The Ebola virus that is causing the epidemic in West Africa is famous lethal. In previous outbreaks, he killed as many as 0% of those it infects. That's why the latest figures from the World Health Organization (WHO) "Status Report" look like they could be a rare glimmer of good news. Although the infection rate is increasing at an alarming rate, the report states that the mortality rate was 53% overall, ranging from 64% in Guinea to only 39% in Sierra Leone
But there is a snag .: the apparent low proportion of deaths probably depends more on how the health authorities calculate that the number on the deadliness of the virus or the quality of care patients receive. Indeed, the dramatic increase in cases in recent weeks is one of the main reasons why the rate of reported deaths appears to be artificially low.
There are several ways to calculate what officials call the "case fatality rate", or CFR, a disease outbreak. One of the simplest is to divide the number of deaths by the total number of cases. That is what the WHO in its recent CFR calculations.
But this method does not take into account that many living recently-diagnosed patients and poorly will not survive. So it underestimates the death rate. And this effect is exaggerated when an epidemic is growing rapidly. The calculation also lack of patients who were confirmed as cases of Ebola, but then left the hospital before being discharged, said Andrew Rambaut, an evolutionary biologist who studies infectious diseases at the University of Edinburgh in the UK -United. Many of these patients later died, but are not counted in the death statistics.

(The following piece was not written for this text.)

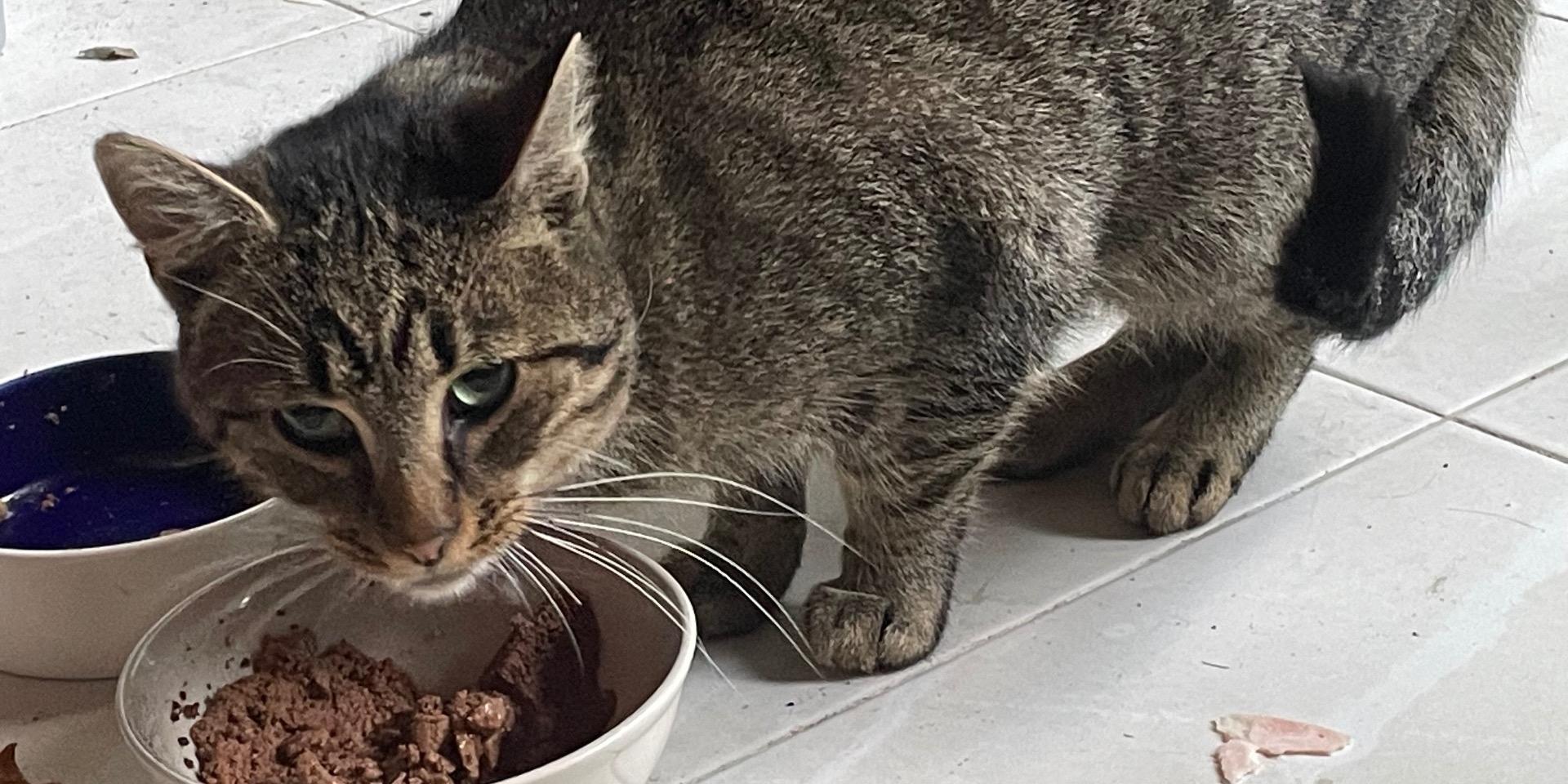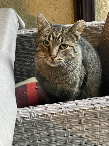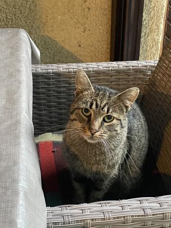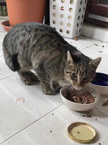 Egyszercsak megjelent ez a cica, kétségbeesett nyávogással, nagyon éhesen. Éhségénél azonban félelme még nagyobb volt, nem ment oda azonnal az ételhez, nagyon tartott az emberektől. Már sokat szelídült, szereti, ha simogatják, dorombol. Kis törődéssel egy nagyon bújós, ragaszkodó cica válna belőle. Már hisz benne, hogy az emberektől nem csak bántást kaphat, hanem egy boldogsággal teli életet és minden nap teli pocakot :-).

Another way to calculate the rate is to ignore current patients and count only patients who officially recovered and released from treatment or is known is dead. These figures seem to paint a picture more thinking. According to the update 7 September the Sierra Leone Ministry of Health and Sanitation, 268 patients were treated and released, and 426 confirmed cases of Ebola died. These figures suggest a fatality rate of 61%. But that's not quite true either, says Marc Lipsitch, an epidemiologist at the Harvard School of Public Health in Boston: Survivors may have long hospital stays means that patients who die. This would lead to a CFR that is artificially high.
A more accurate way to calculate the rate is to compare the outcomes of patients who were infected at the same time and wait long enough until all have either recovered or died. Rambaut notes that there were 23 survivors among the 77 patients included in a recent paper looking at the evolution of the virus. It is a CFR of 70%.
Christopher Dye, director of strategy for the WHO, said the organization is heading this method works and compiling data for each patient registered as a case. "We need reliable estimates," says Dye. "We want to know if CFR is different in this epidemic precedents in Central Africa [and] if different approaches to patient care in the current epidemic lead to different results."
Even this method is imperfect. in almost every home, the cases are missed because the patient never seeks care at a health facility, and therefore are not recorded in the statistics. These missed cases can potentially distort the CFR in both meaning, Lipsitch note. If many cases are relatively mild in which people recover without ever seeing a doctor then count on health care records overestimate the mortality rate. (This was the case for pandemic influenza H1N1 in Mexico, and experts suspect it is the case for MERS virus as well.) a Benin Ebola cases is less likely to go unnoticed in a Benin cases of influenza, Lipsitch said, but given the general lack of care health in the region, there could be a significant number of detected survivors.
on the other hand, researchers already know that many victims of Ebola never arrived at the hospital and died at home (often infecting family and other caregivers). This means that their deaths are not counted, the reduction of CFR.
Exactly how many unregistered Ebola deaths occurred will never be known. Health authorities keep track of suspect and probable cases, many people who died before they could be tested. Whether to include these numbers in the calculation of the CFR is another source of potential bias. And there are different models of tests in different regions: Some places have more tests on post-mortem, for example. "How to balance these prejudices is always the big question," says Lipsitch.
"We are not naive about the difficulties of CFR estimate," Dye wrote in an email. "I'm not yet ready to believe ... that CFR is much higher than in Guinea Sierra Leone. So say the data, taken at face value, but we need to exclude any possibility of ascertainment bias before believing this to be the truth "
* Ebola files :. given the current Ebola outbreak unprecedented in terms of the number of people killed and the rapid geographic spread, science and science Translational Medicine made a collection 'research articles and news on the viral disease available for researchers and the general public
* Correction, September 8, 1:53 p.m. :. the mortality rates in Guinea and Sierra Leone have been corrected.